Nickel-iron alloy anodes with various additives are further
described in WO 00/06803 (Duruz/de Nora/Crottaz), WO 00/006804
(Crottaz/Duruz), WO 01/42534 (de Nora/Duruz), WO 01/42535,
(Duruz/de Nora), WO 01/42536 (Duruz/Nguyen/de Nora) and WO02/083991
(Nguyen/de Nora).
SUMMARY OF THE INVENTION
An object of the invention is to provide a nickel-iron alloy-based
anode for aluminium electrowinning having a long life, which anode
during use does not contaminate the product aluminium beyond an
acceptable level.
The invention relates to an alloy-based anode for the
electrowinning of aluminium by the electrolysis of alumina in a
molten fluoride electrolyte. The anode has an electrochemically
active integral outside oxide layer obtainable by surface oxidation
of a metal alloy having a composition adjusted to achieve the
effect described below. This metal alloy consists of: 20 to 60,
preferably 35 to 60, weight % nickel; 5 to 15, preferably 6 to 12,
weight % copper; 1.5 to 5, preferably 1.5 to 4, weight % aluminium;
0 to 2, preferably 0.2 to 0.5, weight % in total of one or more
rare earth metals, in particular yttrium; 0 to 2, usually 0.5 to
1.5, weight % of further elements, in particular manganese, silicon
and carbon; and the balance being iron, the metal alloy having a
copper/nickel weight ratio in the range of 0.1 to 0.5, preferably
0.2 to 0.3.
When such a metal alloy is exposed to an oxidising atmosphere at
elevated temperature, e.g. above 600.degree. C., typically
700.degree. to 1000.degree. C., for a duration of up to 36 hours
depending on the temperature, and/or during use in an aluminium
production cell, the iron migrates from an outer part to the
surface where it is oxidised.
When the anode's alloy is oxidised before use, the integral oxide
layer formed thereon usually consists essentially of iron oxides
and up 30 weight % nickel oxide, in particular from 1 to 10, weight
%.
Whether or not the alloy is oxidised before use, the integral oxide
layer typically comprises during use in a cell an iron-rich outer
portion which consists essentially of non-stoichiometric well
conductive iron oxide (FeO.sub.x) and nickel oxide in a metal
equivalent weight ratio that is at least 9 iron for 1 nickel, and
an iron-rich inner portion which consists essentially of a mixture
of oxides of iron, nickel, copper and aluminium which are present
in metal equivalent weight percentages of 65 or 70 to 80% iron, 15
to 25 or 30% nickel 2 to 3% copper and up to 1% aluminium. Usually,
the outer portion of the integral oxide layer makes about 1/3 of
the thickness of the layer, whereas the inner portion makes about
2/3 of the thickness of the integral oxide layer.

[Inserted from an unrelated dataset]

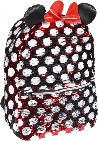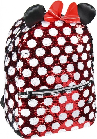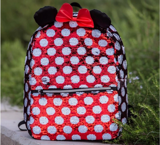 Nahrbtnik s prepoznavnim vzorcem Minnie v rdeče-beli kombinaciji s pikami, okrašen rdečo pentljo in bleščečimi ušesi, je resnično čaroben.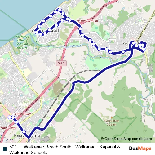 The first stop of the 501 bus route is Our Lady of Kāpiti School (school grounds) and the last stop is Waikanae Beach - Rauparaha Street. 501 (Waikanae Beach South - Waikanae - Kapanui & Waikanae Schools) is operational during on weekdays.

Underneath the electrochemically active oxide surface, the
(iron-depleted) alloy outer part is rich in copper and nickel metal
in a ratio derived from the nickel-copper ratio of the alloy's
nominal composition and contains a limited amount of iron metal.
The copper-nickel outer part controls the iron diffusion from
inside the anode to its electrochemically active surface so as to
compensate slow dissolution of iron oxides from the anode's active
surface into the electrolyte while it prevents excessive iron
diffusion to the anode's surface and dissolution into the
electrolyte of an excess of iron oxide from the anode's surface,
which would lead to premature iron depletion of the anode's alloy
and unnecessary and unwanted contamination of the product
aluminium.
Typically, the nickel-copper metal outer part has a nickel/copper
weight ratio in the range of 1.8 to 4 upon heat treatment and/or
during use in a cell.
The small amount of aluminium contained in the anode's alloy
diffuses to the grain joints of the nickel-iron alloy inside the
anode where it is oxidised to form a partial barrier against oxygen
diffusion into the alloy's grains and iron diffusion therefrom.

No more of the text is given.